Przecież chyba trwałą mi na głowie takie połączenie zrobi ehhe
Cholera, szkoda że nie masz tego próbnika napięcia, wtedy byłoby bezpiecznie. Jeśli się boisz (masz rację, ja też bym się bał. Boję się nawet złapać za pastucha) to demontuj grata i reklamuj. Co najwyżej oni sprawdzą i potwierdzą, czy jest dobry, czy zepsuty. Wtedy kolejny element systemu będziesz mogła wykreślić.
Cobrinha, myślę, że Ty jesteś po prostu słabym przewodnikiem 😀
Jeszcze dla świętego spokoju domontuje dwa kolejne uziemienia na 90cm w ziemi i będę wiedzieć.
Miernik już mam, ale on pokazuje jak jakikolwiek prąd płynie a nie czy mocny czy słaby 😉
Dorcysia, Ty się śmiej a ja chodzę i się denerwuję :P
Hej, mam pytanie czy wiecie może coś więcej o opryskiwaniu obornika?
Jak to powinno wyglądać, kiedy i czym pryskać?
Próbowałam przekopać internet ale nie znalazłam :<
Cobrinha a elektryzator masz sieciowy? Bo jesli bateryjny to na pewno sprawdzals czy to nie kwestia słabnącej baterii  😉 podobny objaw słabnącego napięcia w sieciowym mialam po uszkodzeniu mechanicznym, kon puknał, przewrocił i pękla obudowa. Oddałam do naprawy i po kilku dniach dostałam sprawny.
Nie jest bateryjny więc to nie bateria, od koni daleko więc nawet go na oczy pewnie nie widziały ;P
Nie daje mi to spokoju 🙁 najgorsze, że muszę do poniedziałku czekać żeby jechać i kupić dodatkowy trzeci uziom i śruby do mocowania.

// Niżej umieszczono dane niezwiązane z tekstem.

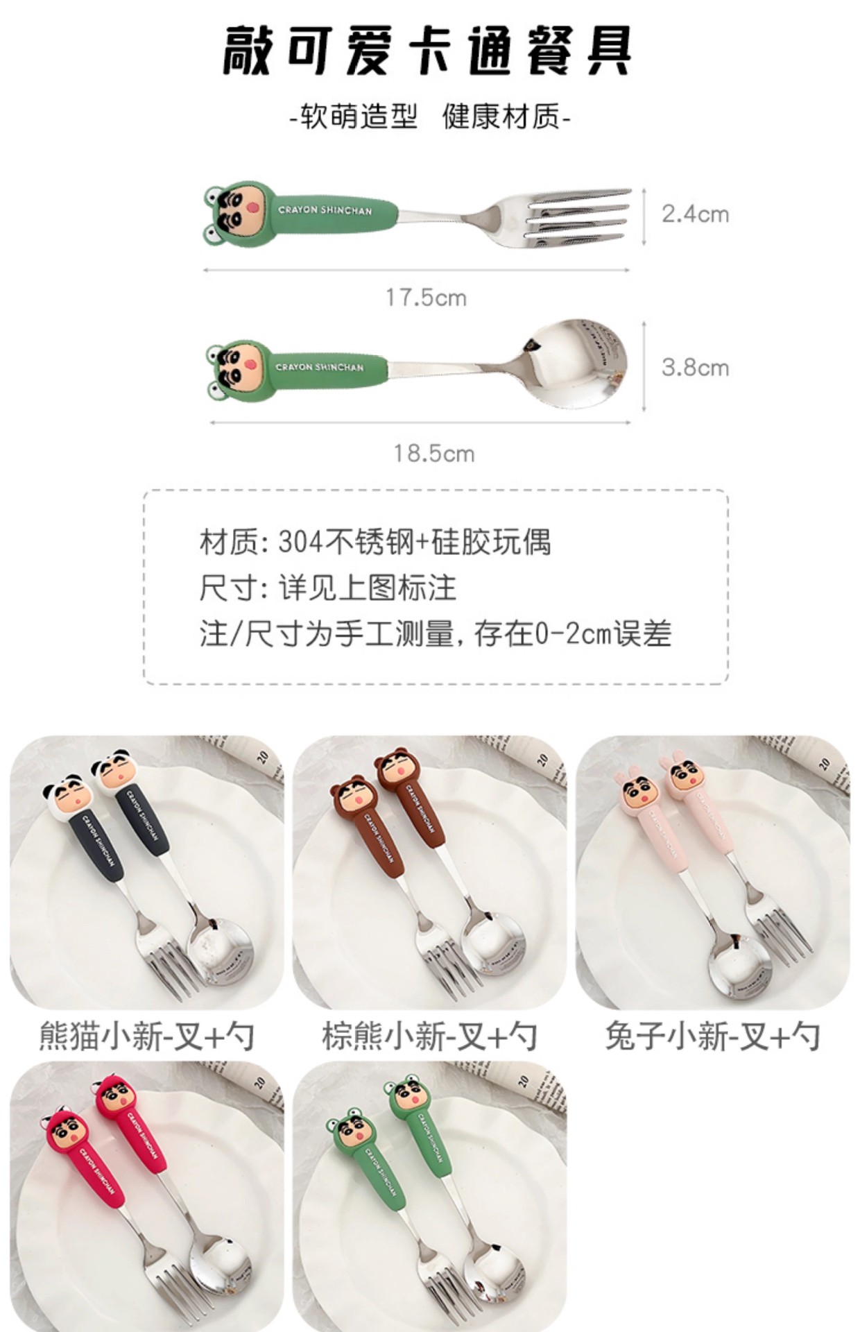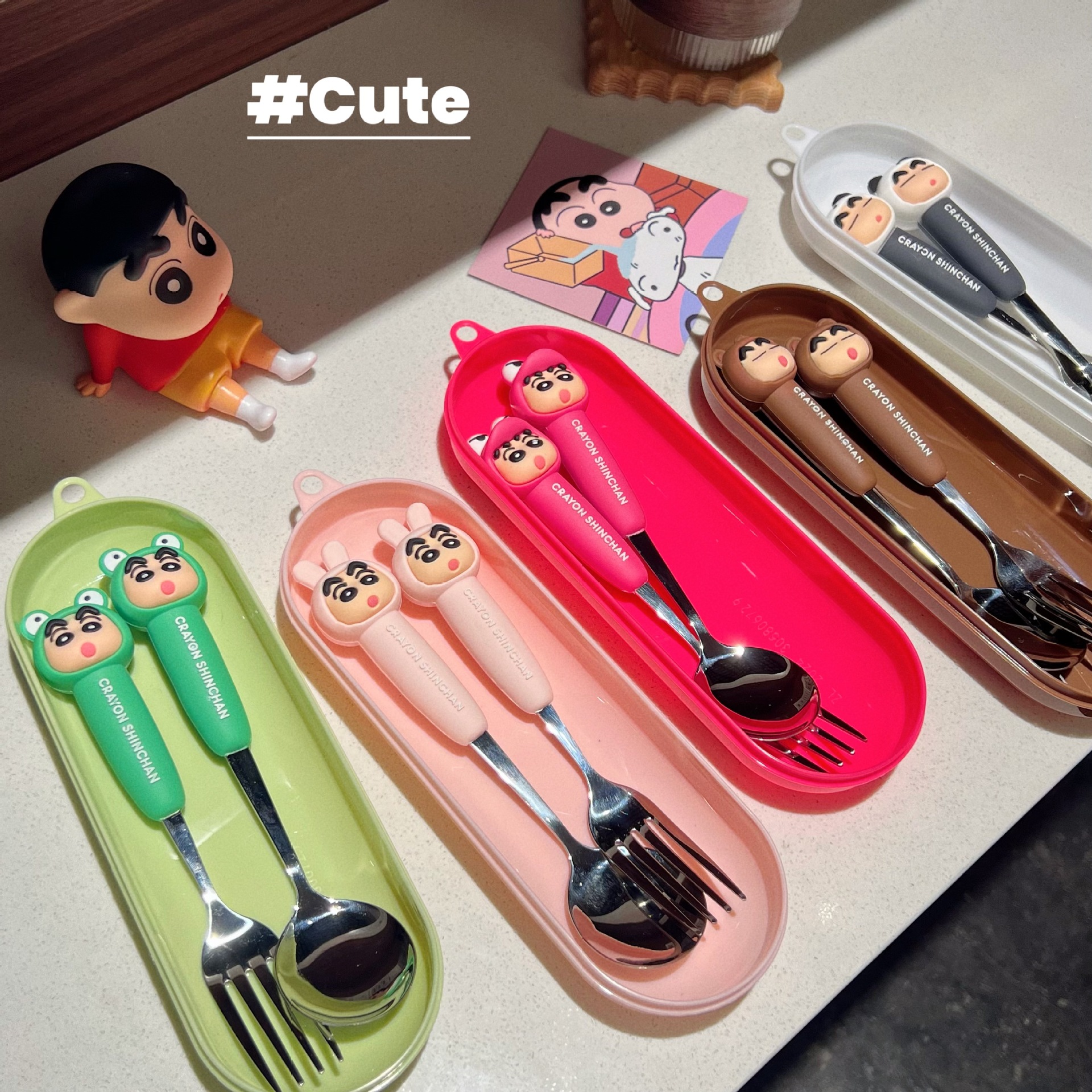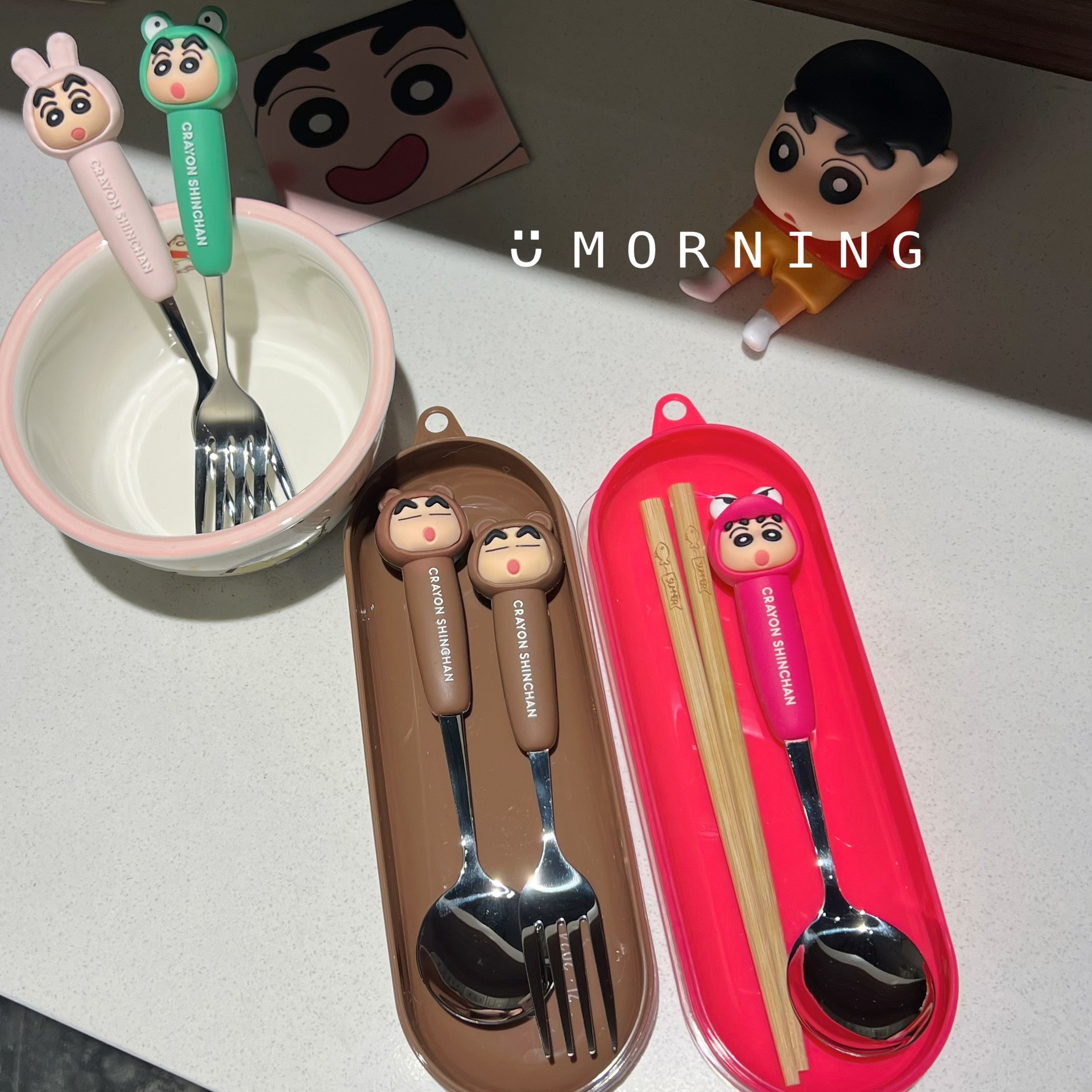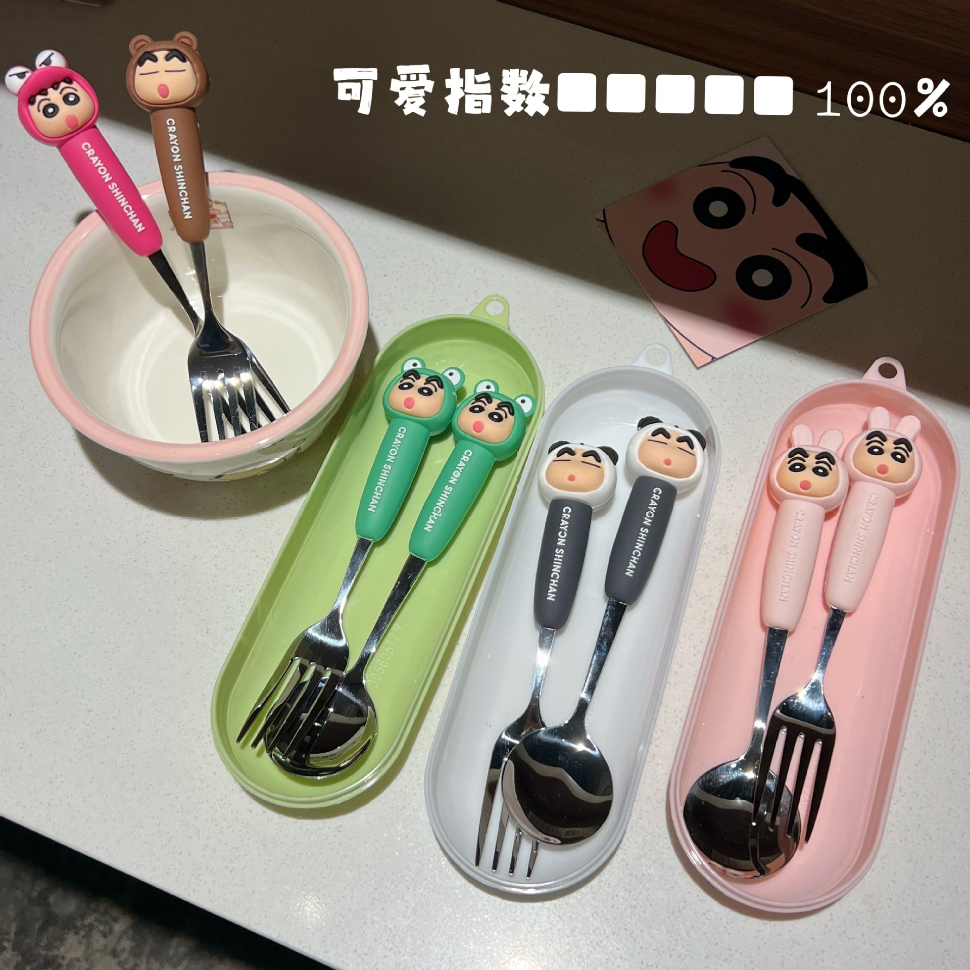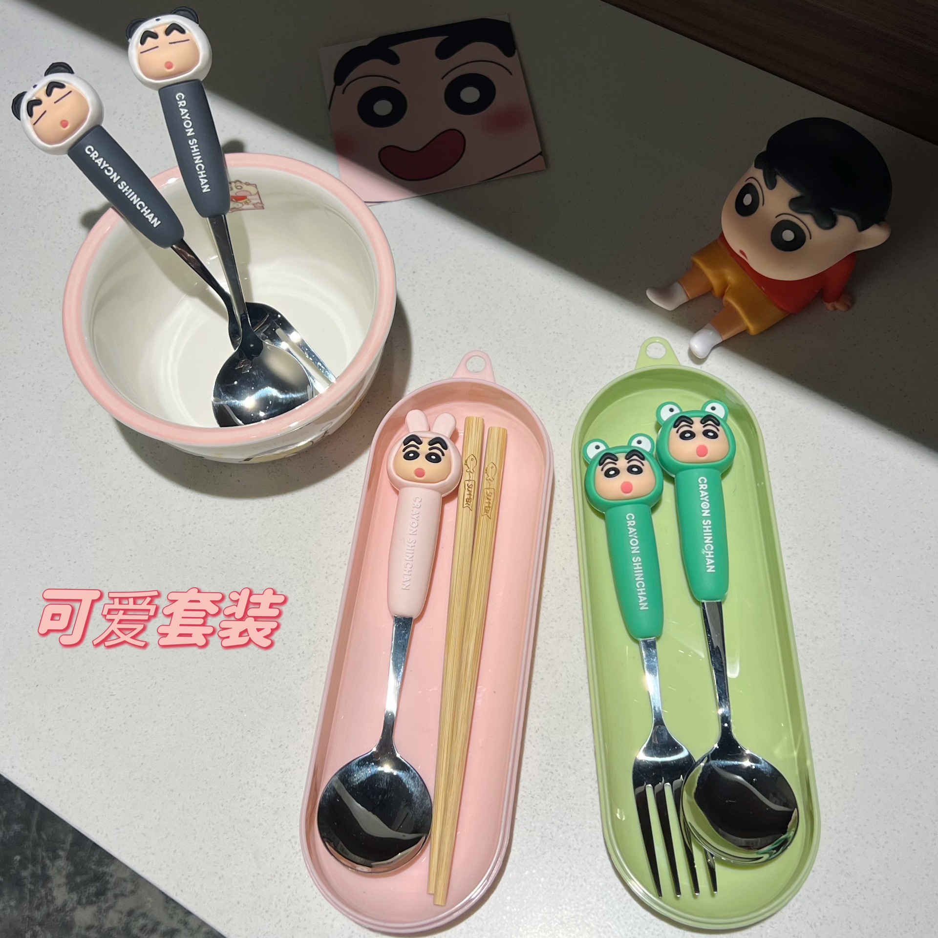 Crayon Kecil Portabel Stainless Steel Anti Banting Sendok Kotak Makan Sendok Sumpit Set Tiga Potong Garpu Kartun Siswa Sendok Minum Sup

Zanim kupisz nowy daj elektronikowi do przejrzenia. Jak mieliśmy przepięcie  myślałam, że po elektryzatorze... A Pan elektronik poszperał, pogmerał, część za 10 zł wymienił i hula🙂😉)
czesio, wolę jednak reklamować jak coś, żeby potem się nie okazało, że ktoś gmerał w środku, więc reklamacji nie uwzględnią.
Nie wiem, czy warto wydawać kasę na dodatkowy uziom. Weź kawał pręta zbrojeniowego, wbij i podłącz. Wtedy się upewnisz, bez dodatkowych wydatków.
Bednarka droga nie jest a i tak mi się przyda a wszelkie zbrojeniowe pordzewiałe w związku z czym nie nie wiem czy jest sens takie testować skoro zawsze zalecają stal galwanizowaną lub ocynkowaną na uziemienie.
Z własnej praktyki, już nie przy elektryzatorach, ale ogólnie przy prądzie mogę Ci powiedzieć, że szczerze wątpię, aby trzeci uziom zrobił jakąkolwiek różnicę, bednarka zawsze się przyda. Myślałem że chcesz kupić taki uziom "oryginalny", który różni się od bednarki tylko ceną.  😉
Mam dwa kupne i po pierwsze wydawało mi się, że są dłuższe hehe
a dwa, jednak zwykła bednarka lepsza i dłuższa, tylko ciut gorzej z ziemi wyjąć.
Wezmę zamontuję drugi uziom kupny 100cm (90cm w ziemi) i kupię bednarkę do wkopania na ok 140cm i jak to nie pomoże to się poddaje.